Page MenuHomePhabricator

Notifications when prometheus daemons are wedged
Open, HighPublic

Description

We have some stats collection that only happens on master nodes of the elasticsearch clusters. While reviewing some dashboards today I noticed that one hadn't been reporting data. Logging into the instance and testing the ports, the local prometheus daemon was accepting connections but never responding. Restarting the daemon (prometheus-wmf-elasticsearch-exporter) restored stats collection.

It seems we should expect that daemons may get stuck at some point or another, the main issue here seems to be that we didn't have any way to know this daemon stopped working correctly other than looking at the stats, monitors like the systemd service are happy that the process is still running.

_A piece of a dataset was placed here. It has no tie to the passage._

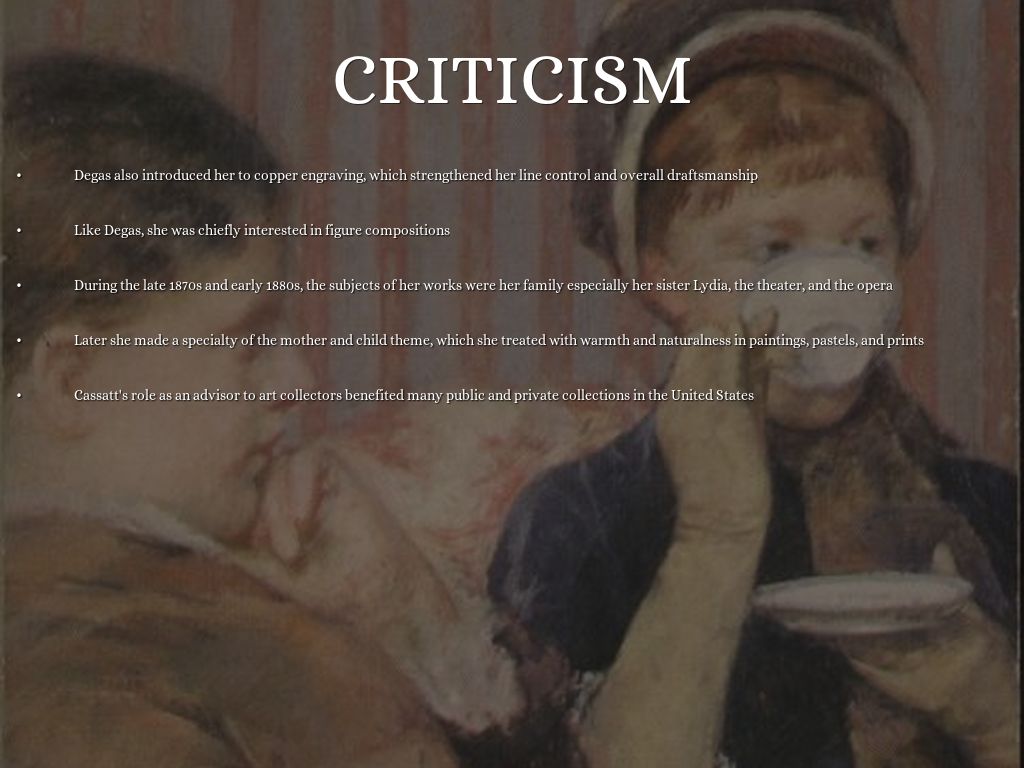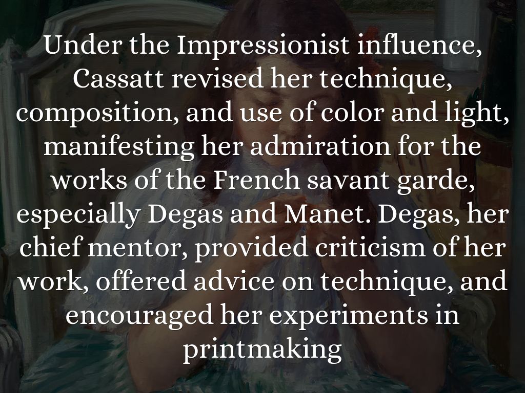 Under the Impressionist influence, Cassatt revised her technique, composition, and use of color and light, manifesting her admiration for the works of the French savant garde, especially Degas and Manet. Degas, her chief mentor, provided criticism of her work, offered advice on technique, and encouraged her experiments in printmaking

AC: Daemons are automatically restarted, repeated failures gives some sort of notice

Event Timeline

MPhamWMF triaged this task as High priority.Mar 8 2021, 4:32 PM
MPhamWMF moved this task from needs triage to Ops / SRE on the Discovery-Search board.

We have a generic alert that's supported to cover similar cases (but more widespread issues) namely alerting on "job availability", i.e. alert if a certain percentage of targets in a job are not scrapable. The related dashboard is https://grafana.wikimedia.org/d/NEJu05xZz/prometheus-targets. I suspect because in this case the availability is still quite high even with a few targets down. I'm mentioning this to provide an inspiration for an alert, if e.g. you need to know when even a single target is down. Hope that helps!

Hello @EBernhardson, moving to radar for now, please let us know how you'd like to proceed and if you need assistance. thanks!